Your task is to: (1) Choose any three of the “wide” datasets identified in the Week 6 Discussion items. (You may use your own dataset; please don’t use my Sample Post dataset, since that was used in your Week 6 assignment!) For each of the three chosen datasets: ??? Create a .CSV file (or optionally, a MySQL database!) that includes all of the information included in the dataset. You’re encouraged to use a “wide” structure similar to how the information appears in the discussion item, so that you can practice tidying and transformations as described below. ??? Read the information from your .CSV file into R, and use tidyr and dplyr as needed to tidy and transform your data. [Most of your grade will be based on this step!] ??? Perform the analysis requested in the discussion item. ??? Your code should be in an R Markdown file, posted to rpubs.com, and should include narrative descriptions of your data cleanup work, analysis, and conclusions. (2) Please include in your homework submission, for each of the three chosen datasets: ??? The URL to the .Rmd file in your GitHub repository, and ??? The URL for your rpubs.com web page.
To do the analysis, I first downloaded the data from the websites to csv files and loaded it into R, the data files can be downloaded from the link below and then save it your working directory: [link] https://github.com/ravi-kothari/DATA-607/
Also we will need the following package to do the analysis:
dplyr
tidyr
ggplot2(optional)
install.packages("tidyr")
install.packages("dplyr")
library("tidyr")
library("dplyr")
library("Downloader")
We start by loading all the datasets for the analysis.

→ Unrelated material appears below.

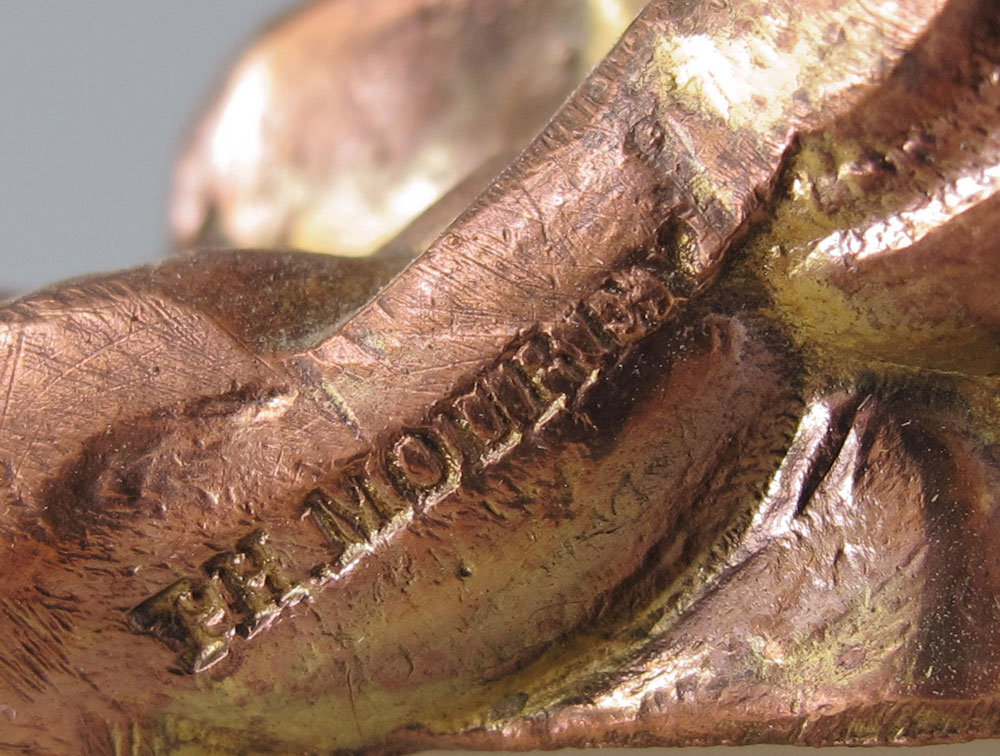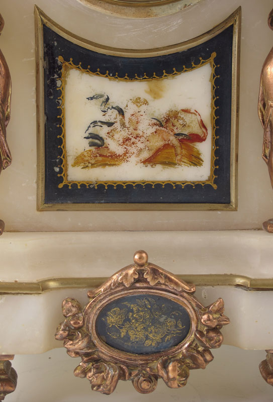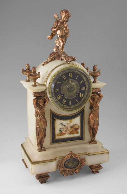JAPY FRERES FIGURAL CUPID ALABASTER MANTLE CLOCK: Alabaster case with bronzed cast metal cupid, urn finials, figural maiden columns and floral frame on 4 feet. Hand painted decoration under face and in frame. Mixed metal face with Roman numerals, beveled class crystal. Time and strike movement marked Japy Freres. no key or pendulum. Measures 16 1/4'' h. x 8 1/2'' x 5''.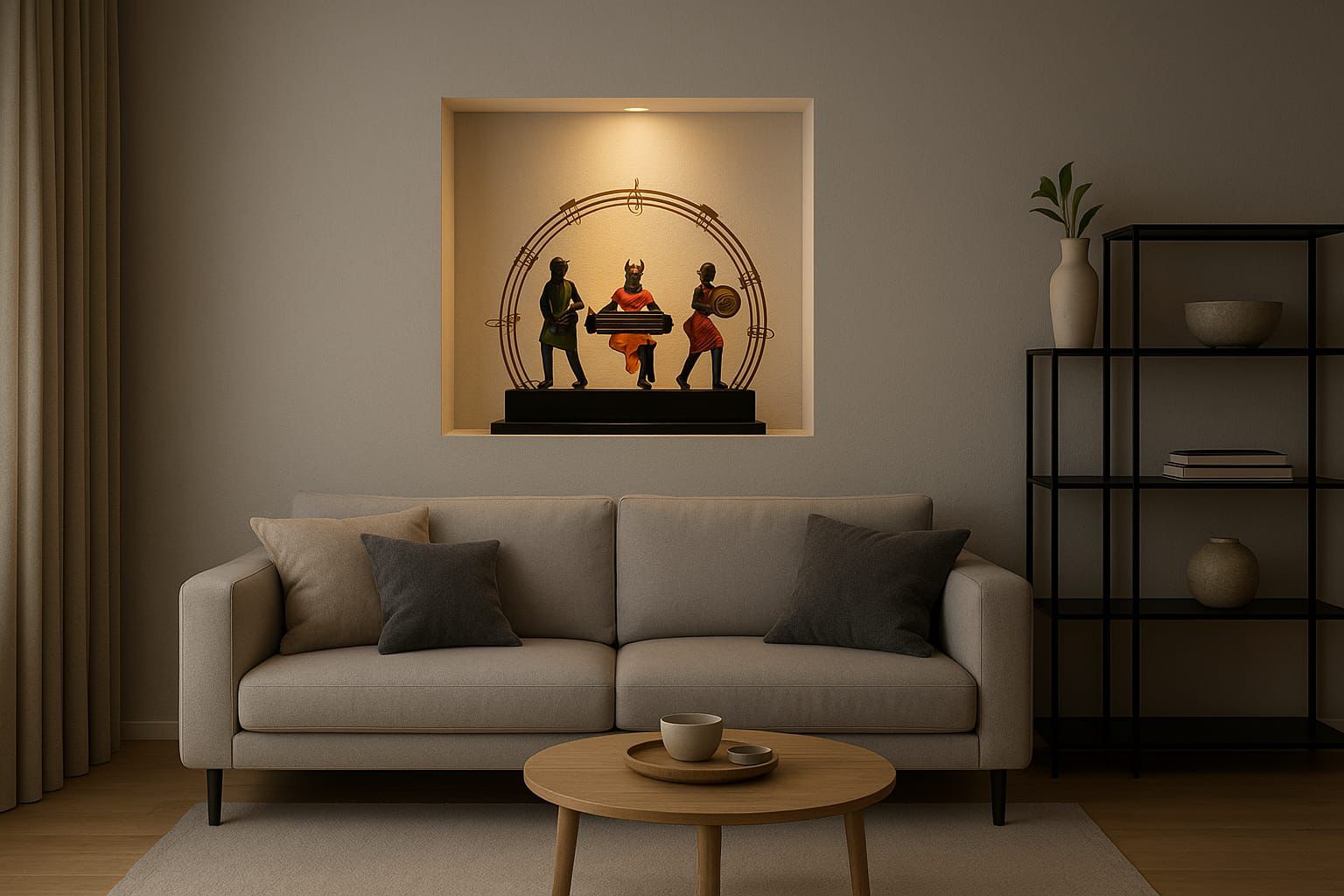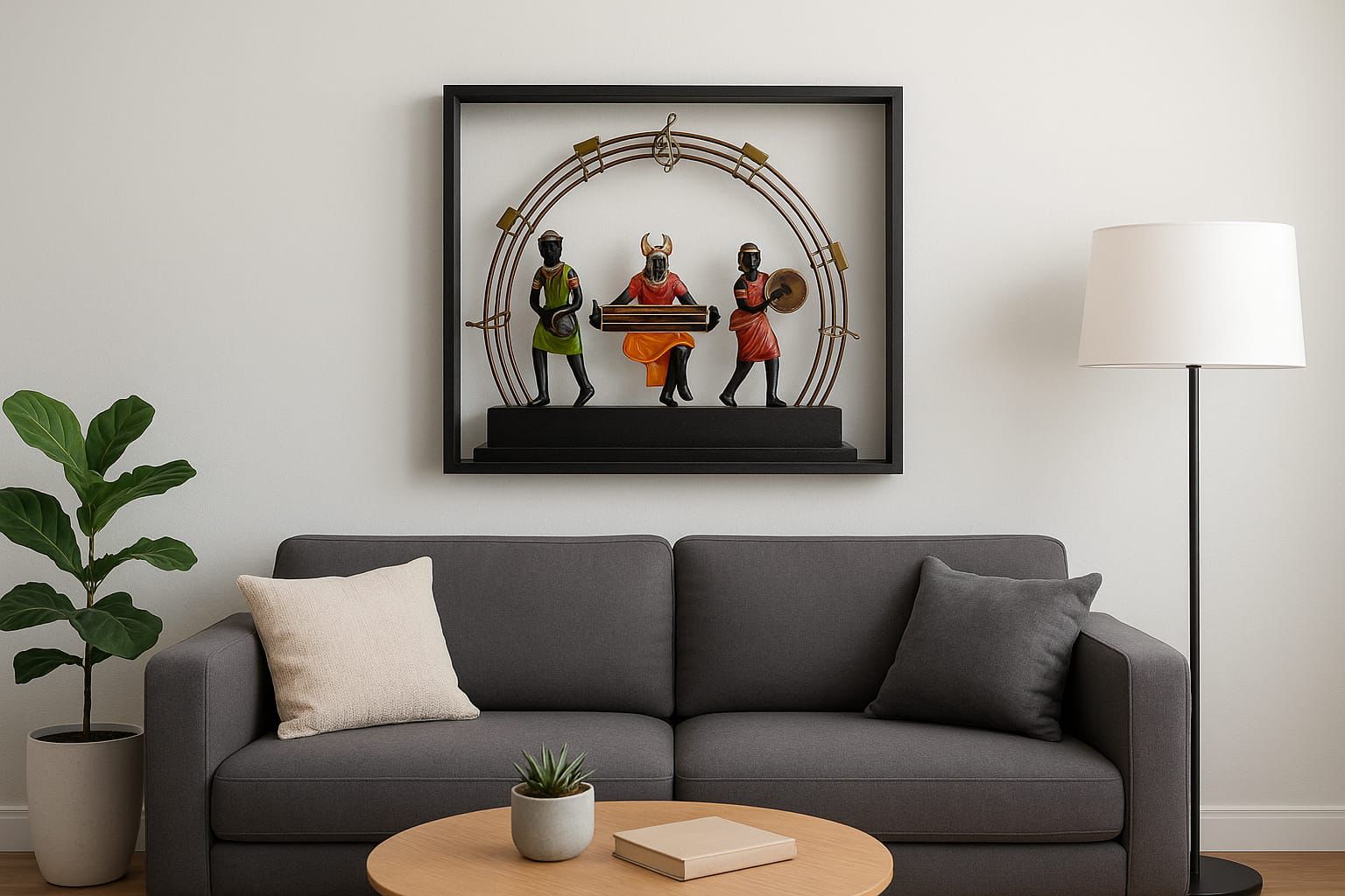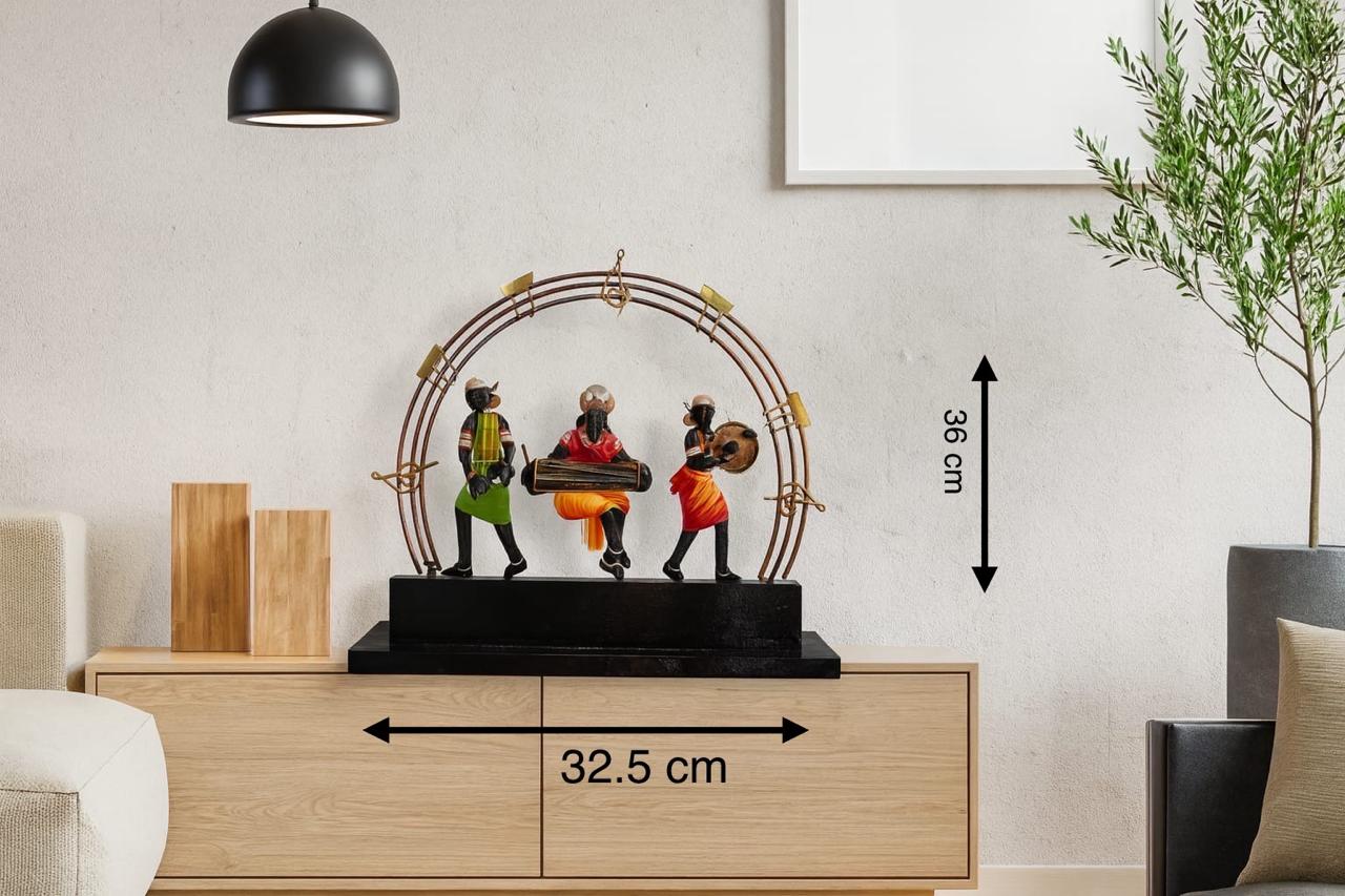 Celebrate the rhythm, culture, and festive spirit of tribal India with this stunning Bastar Tribal Musician Metal Art Showpiece, handcrafted by skilled artisans from the tribal region of Bastar, Chhattisgarh. This exquisite décor piece features three traditional tribal musicians playing folk instruments, symbolizing joy, unity, and the musical heritage of rural India.

I picked Walt Wells dataset for the walking dead ratings, then I took the dataset i suggested for English premiere league. I wanted to see how the spin off of the walking dead tv series called Fear the walking dead ratings are compared to original walking dead, so i picked that as my third dataset.
getwd()
## [1] "C:/Users/rkothari/Documents/GitHub/DATA-607"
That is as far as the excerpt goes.